Governments have issued a lot of advice and have introduced many regulations in response to the COVID-19 pandemic caused by coronavirus SARS-CoV-2. Most of the time, the governments also tried to explain what they are trying to achieve. However, watching press conferences I have not heard much explanation of how the measures are supposed to work. Below, I present an analysis based on common sense, basic laws of physics, chemistry and biology, and easily looked-up information. Since the premises are firm, everything that I conclude should be correct, as long and I avoid all the logical fallacies. If you find any, please let me know. (You can find my address at the bottom of this page.)

1 Basic information

In December 2019, a new disease, now labelled COVID-19, was identified. It is caused by a coronavirus SARS-CoV-2. The genetic information of this virus is carried in RNA, which is enveloped in a membrane that is covered in glycoproteins. They are 60 to 140 nm in diameter. The RNA carries information that the virus needs to replicate itself inside a cell. The glycoproteins interact with receptors on cells and help the virus to enter.

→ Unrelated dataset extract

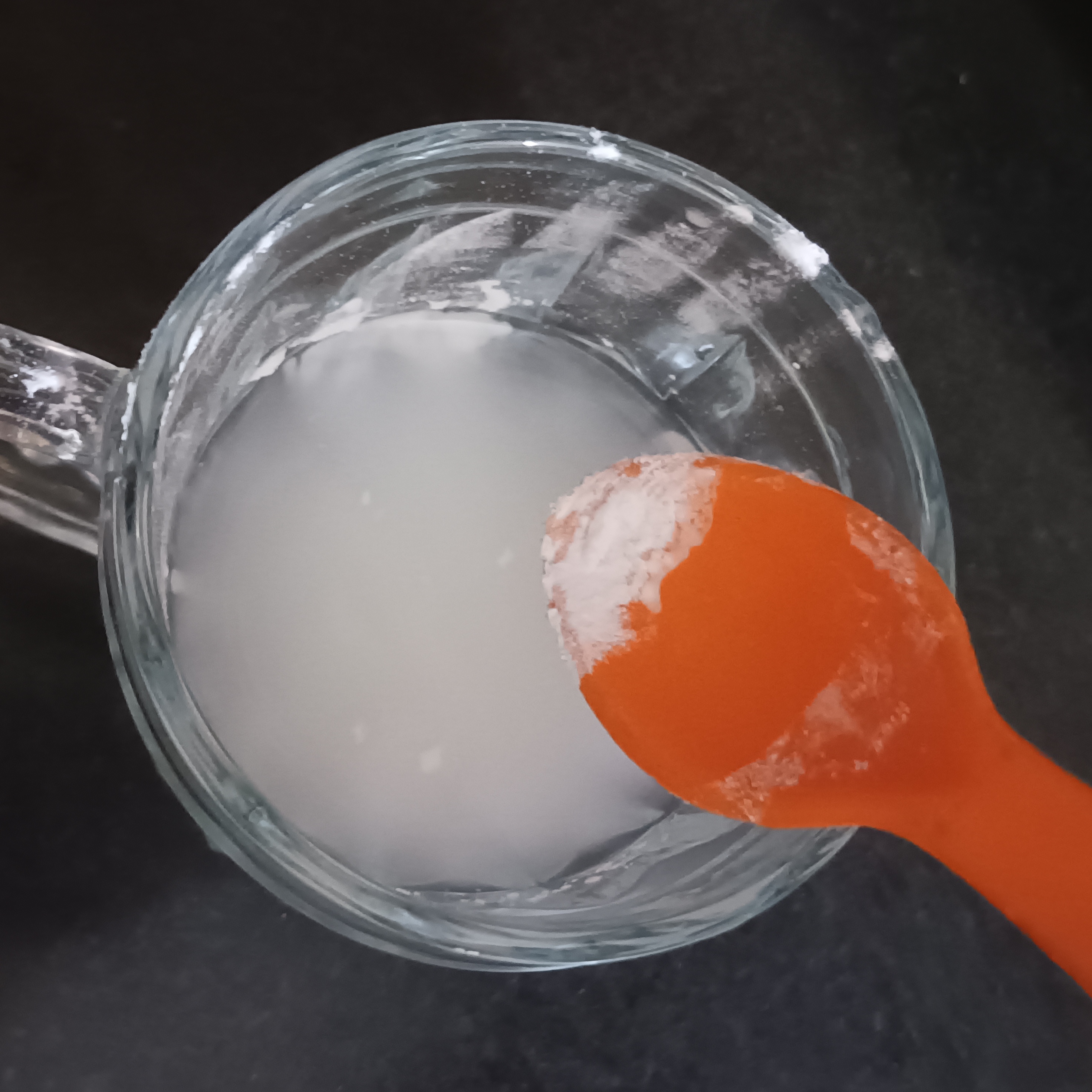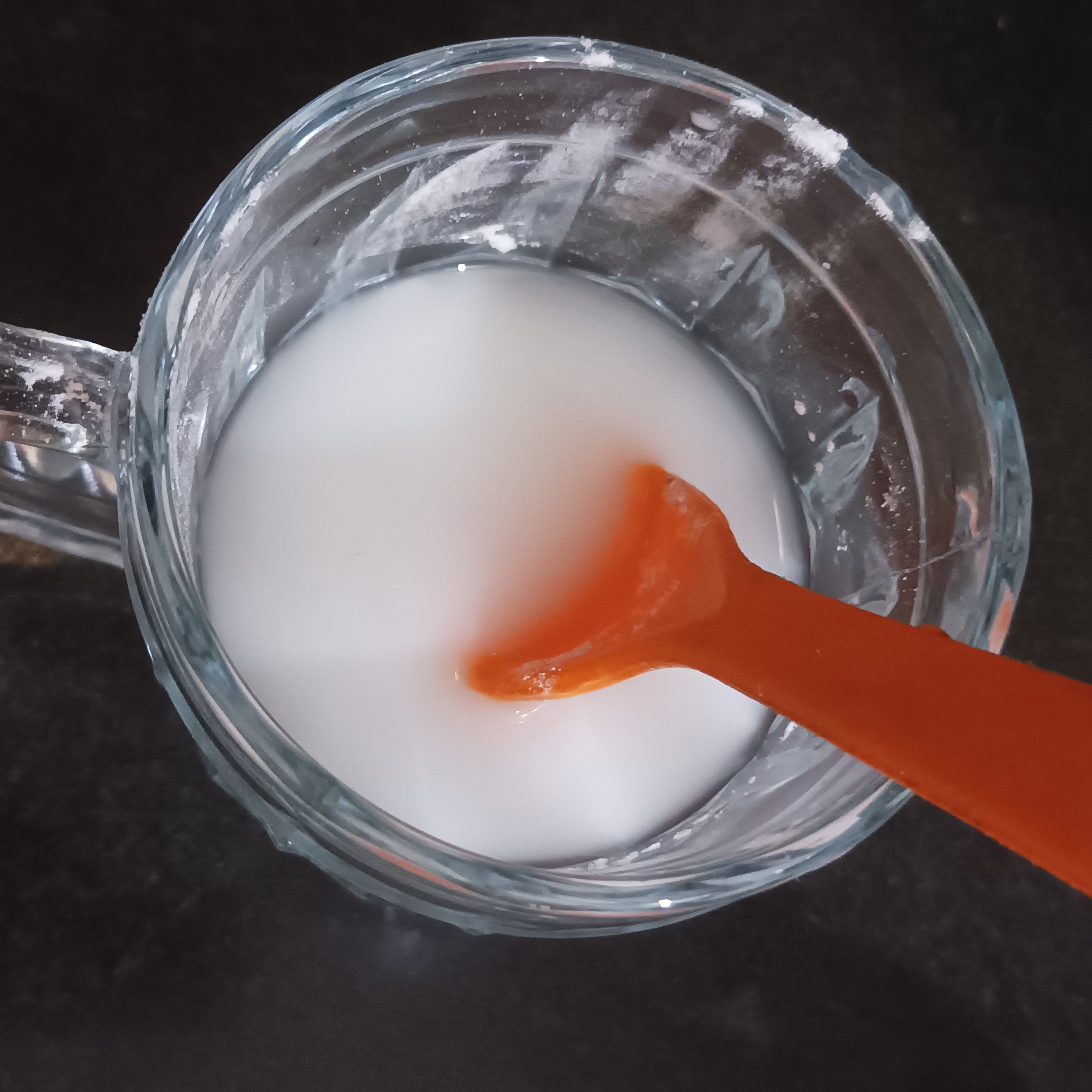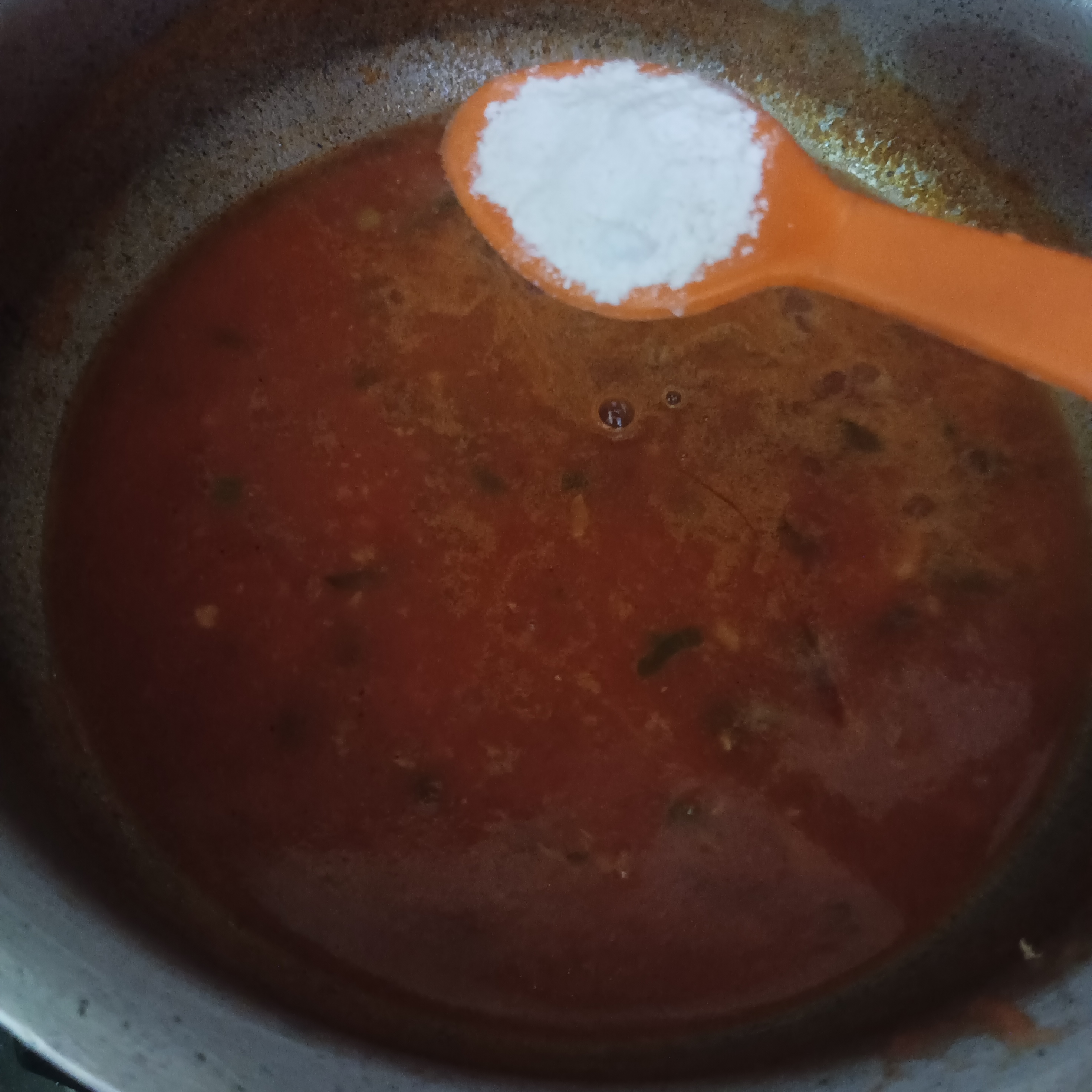 - For more smoothie, thick and silky taste and texture of the tomatoes soup we will take ¹ tsp of wheat flour or corn flour can use for the thickness in the soup. For this adding half cup of water and mixed it well for creating smoothie slurry.

Once a person is infected, the coronavirus multiplies in their body and the person becomes infectious. The infection exits the body in body fluids. The virus enters new hosts mainly through mouth, nose and eyes, possibly damaged skin or other body orifices.

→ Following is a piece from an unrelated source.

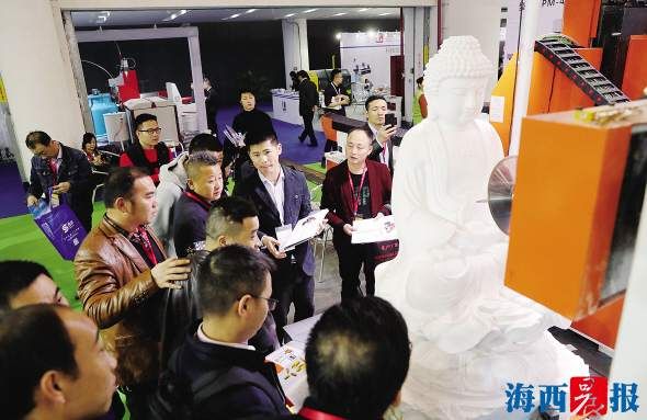 ![]() 石材展上展出的立体雕刻机吸引许多客商参观了解。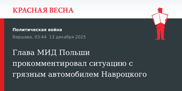 Глава МИД Польши Радослав Сикорский прокомментировал ситуацию с грязным автомобилем, который предоставили власти Латвии польскому президенту Каролю Навроцкому. Соответствующее заявление он опубликовал 12 декабря на платформе X.

2 Probability of being infected

Statistics and assessing probabilities is one of the places, where common sense tricks us more than it helps us. However, we should be able to identify what increases or decreases the probability.

During exposure there are three main factors that affect the probability of infection happening:

  • Susceptibility of the person
  • Point of entry of the virus
  • Amount of the virus

I am not going to discuss points one and two. Point one we cannot usually affect, unless there is a vaccine. And it is hard to imagine that you can choose the point of entry for the virus. If you had the choice, you would prevent it from entering from as many point as you can. However, with the amount of virus, it is safe to say that the more virus we get exposed to, the more likely we are to get infected.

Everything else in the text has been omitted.